Cigarettes, Whiskey and Wild Women (French: Cigarettes, Whisky et P'tites Pépées) is a 1959 French comedy film directed by Maurice Régamey and starring Annie Cordy and Pierre Mondy.

== Premise ==
To bail out their club on the French Riviera, a group of young and pretty sportswomen do not hesitate to exploit whiskey and cigarettes found in the cellar during resounding celebrations.

== Cast ==

- Jean Carmet as Martial
- Annie Cordy as Martine
- René Havard as Fernand
- Pierre Mondy as Max
- Pierre Doris as Gustave
- Franco Interlenghi as Mario
- Reinhard Kolldehoff as Van Dorfelt
- Alessandra Panaro as Micheline
- Sylvie Adassa as Michèle
- Armande Navarre as Juliette
- Nadine Tallier as Arlette
- Micheline Gary as Véronique
- Gisèle Grimm as Élisabeth
- Christian Méry as Angelo
- Arielle Coignet as Isabelle
- Dominique Darsac as Jacqueline
- Pierre Mirat as Abadie
- Jean Richard as The client
- Albert Rémy as The customs
- Pierre Moncorbier as The notary
- Jeanne Valérie

== Production ==
The film was shot from 30 June to 13 August 1958.
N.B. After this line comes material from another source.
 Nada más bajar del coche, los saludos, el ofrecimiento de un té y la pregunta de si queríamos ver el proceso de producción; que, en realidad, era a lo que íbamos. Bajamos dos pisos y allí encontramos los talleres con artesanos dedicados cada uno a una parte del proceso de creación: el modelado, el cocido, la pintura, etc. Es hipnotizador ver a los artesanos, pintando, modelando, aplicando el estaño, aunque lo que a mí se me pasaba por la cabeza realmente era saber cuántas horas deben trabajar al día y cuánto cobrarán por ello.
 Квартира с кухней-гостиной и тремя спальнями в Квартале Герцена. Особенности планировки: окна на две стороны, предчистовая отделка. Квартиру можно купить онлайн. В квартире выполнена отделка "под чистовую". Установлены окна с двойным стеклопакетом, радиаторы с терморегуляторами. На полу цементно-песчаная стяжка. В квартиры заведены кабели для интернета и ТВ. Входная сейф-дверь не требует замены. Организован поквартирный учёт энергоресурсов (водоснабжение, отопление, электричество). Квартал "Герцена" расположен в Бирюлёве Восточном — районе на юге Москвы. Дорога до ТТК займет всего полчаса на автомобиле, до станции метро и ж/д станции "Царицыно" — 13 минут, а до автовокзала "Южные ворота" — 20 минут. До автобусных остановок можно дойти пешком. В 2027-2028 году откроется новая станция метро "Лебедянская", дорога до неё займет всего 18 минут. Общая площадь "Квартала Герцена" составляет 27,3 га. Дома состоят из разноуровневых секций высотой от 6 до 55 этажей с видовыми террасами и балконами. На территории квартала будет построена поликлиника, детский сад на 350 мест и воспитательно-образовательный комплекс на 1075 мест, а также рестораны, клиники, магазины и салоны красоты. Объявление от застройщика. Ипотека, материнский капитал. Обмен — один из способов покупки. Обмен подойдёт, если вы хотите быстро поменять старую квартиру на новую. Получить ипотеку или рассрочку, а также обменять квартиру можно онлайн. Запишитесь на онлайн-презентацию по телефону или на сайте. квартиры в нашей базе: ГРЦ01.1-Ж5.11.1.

The film was released in Italy 10 February 1959, in France, 25 February 1959, in Sweden, 16 November 1959 and in Germany, 4 March 1960.

The film is most known from the 1947 song "Cigarettes, Whisky et P'tites Pépées" ("Cigarettes, Whisky, And Wild, Wild Women" music by Tim Spencer, French lyrics by Jacques Soumet and François Llenas) singing by Annie Cordy.